I don't remember seeing anywhere in the docs from clusterlabs.org being 
mentioned that the resource-stickiness only works on 
symmetric-cluster="true", so for anyone that also stumbles upon this 
issue, I hope this helps.

Regards,

Dan

Dan Frincu wrote:
> Hi,
>
> Since it was brought to my attention that I should upgrade from 
> openais-0.80 to a more recent version of corosync, I've done just 
> that, however I'm experiencing a strange behavior on the cluster.
>
> The same setup was used with the below packages:
>
> # rpm -qa | grep -i "(openais|cluster|heartbeat|pacemaker|resource)"
> openais-0.80.5-15.2
> cluster-glue-1.0-12.2
> pacemaker-1.0.5-4.2
> cluster-glue-libs-1.0-12.2
> resource-agents-1.0-31.5
> pacemaker-libs-1.0.5-4.2
> pacemaker-mgmt-1.99.2-7.2
> libopenais2-0.80.5-15.2
> heartbeat-3.0.0-33.3
> pacemaker-mgmt-client-1.99.2-7.2
>
> Now I've migrated to the most recent stable packages I could find (on 
> the clusterlabs.org website) for RHEL5:
>
> # rpm -qa | grep -i "(openais|cluster|heartbeat|pacemaker|resource)"
> cluster-glue-1.0.6-1.6.el5
> pacemaker-libs-1.0.9.1-1.el5
> pacemaker-1.0.9.1-1.el5
> heartbeat-libs-3.0.3-2.el5
> heartbeat-3.0.3-2.el5
> openaislib-1.1.3-1.6.el5
> resource-agents-1.0.3-2.el5
> cluster-glue-libs-1.0.6-1.6.el5
> openais-1.1.3-1.6.el5
>
> Expected behavior:
> - all the resources the in group should go (based on location 
> preference) to bench1
> - if bench1 goes down, resources migrate to bench2
> - if bench1 comes back up, resources stay on bench2, unless manually 
> told otherwise.
>
> On the previous incantation, this worked, by using the new packages, 
> not so much.
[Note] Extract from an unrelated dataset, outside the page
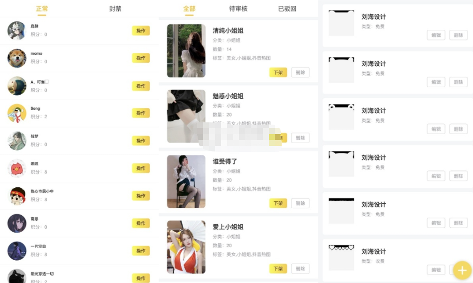 特点:支持用户投稿,后台审核后会发订阅消息给用户提示作品审核状态,增加用户粘性,支持后端修改/增加轮播图

Now if bench1 goes down (crm node standby `uname -n`), 
> failover occurs, but when bench1 comes backup up, resources migrate 
> back, even if default-resource-stickiness is set, and more than that, 
> 2 drbd block devices reach infinite metrics, most notably because they 
> try to promote the resources to a Master state on bench1, but fail to 
> do so due to the resource being held open (by some process, I could 
> not identify it).
>
> Strangely enough, the resources (drbd) fail to be promoted to a Master 
> status on bench1, so they fail back to bench2, where they are mounted 
> (functional), but crm_mon shows:
>
> Migration summary:
> * Node bench2.streamwide.ro:
>   drbd_mysql:1: migration-threshold=1000000 fail-count=1000000
>   drbd_home:1: migration-threshold=1000000 fail-count=1000000
> * Node bench1.streamwide.ro:
>
> .... infinite metrics on bench2, while the drbd resources are available
>
> version: 8.3.2 (api:88/proto:86-90)
> GIT-hash: dd7985327f146f33b86d4bff5ca8c94234ce840e build by 
> mockbuild at v20z-x86-64.home.local, 2009-08-29 14:07:55
> 0: cs:Connected ro:Primary/Secondary ds:UpToDate/UpToDate C r----
>    ns:1632 nr:1864 dw:3512 dr:3933 al:11 bm:19 lo:0 pe:0 ua:0 ap:0 
> ep:1 wo:b oos:0
> 1: cs:Connected ro:Primary/Secondary ds:UpToDate/UpToDate C r----
>    ns:4 nr:24 dw:28 dr:25 al:1 bm:1 lo:0 pe:0 ua:0 ap:0 ep:1 wo:b oos:0
> 2: cs:Connected ro:Primary/Secondary ds:UpToDate/UpToDate C r----
>    ns:4 nr:24 dw:28 dr:85 al:1 bm:1 lo:0 pe:0 ua:0 ap:0 ep:1 wo:b oos:0
>
> and mounted
>
> /dev/drbd1 on /home type ext3 (rw,noatime,nodiratime)
> /dev/drbd0 on /mysql type ext3 (rw,noatime,nodiratime)
> /dev/drbd2 on /storage type ext3 (rw,noatime,nodiratime)
>
> Attached is the hb_report.
>
> Thank you in advance.
>
> Best regards
>

-- 
Dan FRINCU
Systems Engineer
CCNA, RHCE
Streamwide Romania